- [PROVIDED DATA]:
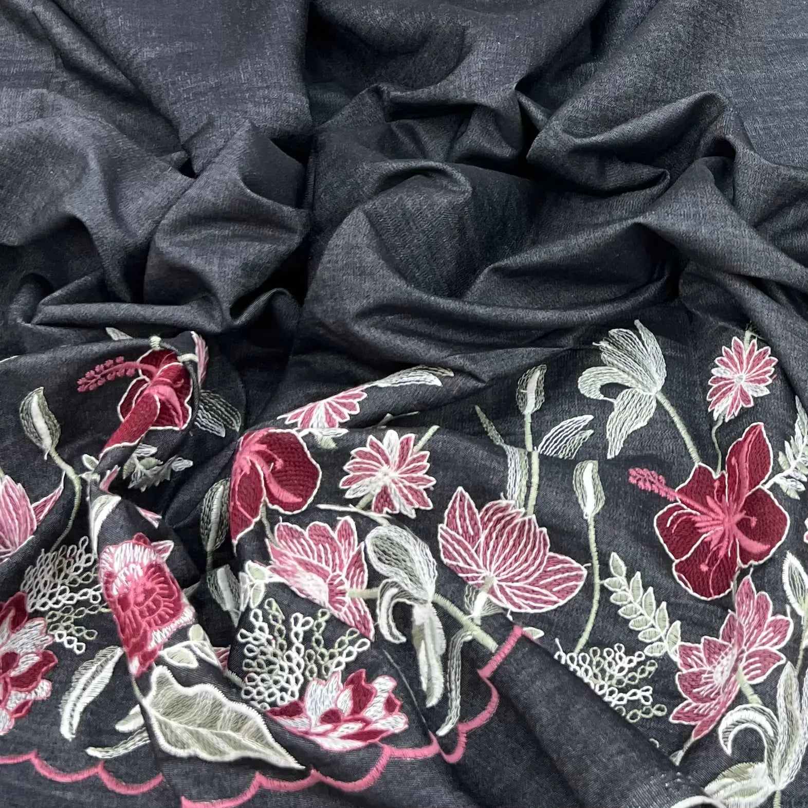 Embroidered denim fabric combines the durability of denim with decorative stitched details for a stylish twist. Strong yet versatile, it’s perfect for jackets, skirts, dresses, and statement outfits, adding character, texture, and a fashion-forward edge to everyday wear
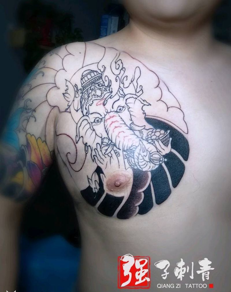 象神纹身图片_胸部老传统半胛象神纹身图案
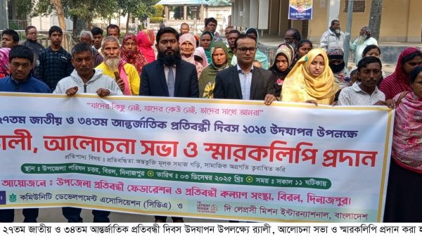 বিরলে ২৭তম জাতীয় ও ৩৪তম আন্তর্জাতিক প্রতিবন্ধী দিবস উদযাপন

- [EXERCISE AIM]:
Give the material again exactly as it is, but keep the pictures out.

- [FINISHED TASK]:
 Embroidered denim fabric combines the durability of denim with decorative stitched details for a stylish twist. Strong yet versatile, it’s perfect for jackets, skirts, dresses, and statement outfits, adding character, texture, and a fashion-forward edge to everyday wear
 象神纹身图片_胸部老传统半胛象神纹身图案
 বিরলে ২৭তম জাতীয় ও ৩৪তম আন্তর্জাতিক প্রতিবন্ধী দিবস উদযাপন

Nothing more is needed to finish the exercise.